See Why Abu Dhabi’s Big Sovereign Wealth Fund Wants an AI Group for Investing
Posted on 06/08/2021
As sovereign investors rapidly embrace data as the new oil, artificial intelligence (AI) can be perceived as the refineries.
SWFI reported earlier that both the Abu Dhabi Investment Authority (ADIA) and Singapore’s GIC Private Limited are in a race to construct cutting-edge quantitative investment operations. Sovereign funds have been allocating to quant hedge funds like Citadel, Point72 Management, D.E. Shaw, Two Sigma Investments, and others for quite some time, and believe they can replicate those strategies internally, saving mounds of cash on exorbitant fees. Utilizing artificial intelligence, specifically machine-learning in quant investing, appears to be the holy grail for many institutional allocators, including large sovereign investors and public pension plans such as the Canada Pension Plan Investment Board (CPP Investments). Singapore’s sovereign wealth giant GIC Private Limited formed Kepler FI in 2017 to test out new concepts and strategies in the world of institutional investing. Kepler has a project called Alpha Capture which is a multi-asset class project spanning quantitative research, alpha capture, and optimization. Some parts of Kepler’s adventures include applying machine learning techniques to create a framework for forecasting financial statements’ line items to derive the intrinsic value of a stock. GIC has a sizable buyside equity team that could benefit from greater forecasting tools on stocks.

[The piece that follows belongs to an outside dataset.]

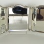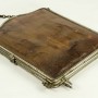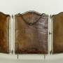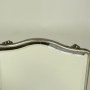 Tri-fold beveled mirror. Silver plated frame, Leather on the back side of mirror.

Witnessing its peers building out quant teams such as CPP Investments and GIC Private Limited, ADIA started to build out its own quantitative research and investment group, hiring former professors, former hedge fund employees, data specialists and investment specialists. The quantitative research group sits in ADIA’s strategy and planning department.
Concepts such as hierarchical risk parity could be potential strategies for sovereign investors. Hierarchical risk parity is a risk-based portfolio optimization algorithm that applies machine learning techniques to seek out underlying hierarchical correlation structure of the portfolio. This would permit groups, or clusters, of similar assets to compete for capital. Assets and factors are moved into clusters with similar characteristics versus traditional asset classes. This can also be thought of as a form of multilevel risk optimization. Earlier, ADIA hired Marcos Lopez de Prado to be Global Head of Quantitative Research & Development. Some of López de Prado’s research centered around hierarchical risk parity.
Some institutional investors are looking to ESG factors and integrating them in a quantitative fashion. For example, Goldman Sachs Asset Management believes some of these ESG signals, especially data from greenhouse gas emissions, could lead to alpha generation.
All in all, sovereign investors don’t want to be left out in the AI race in the financial services industry.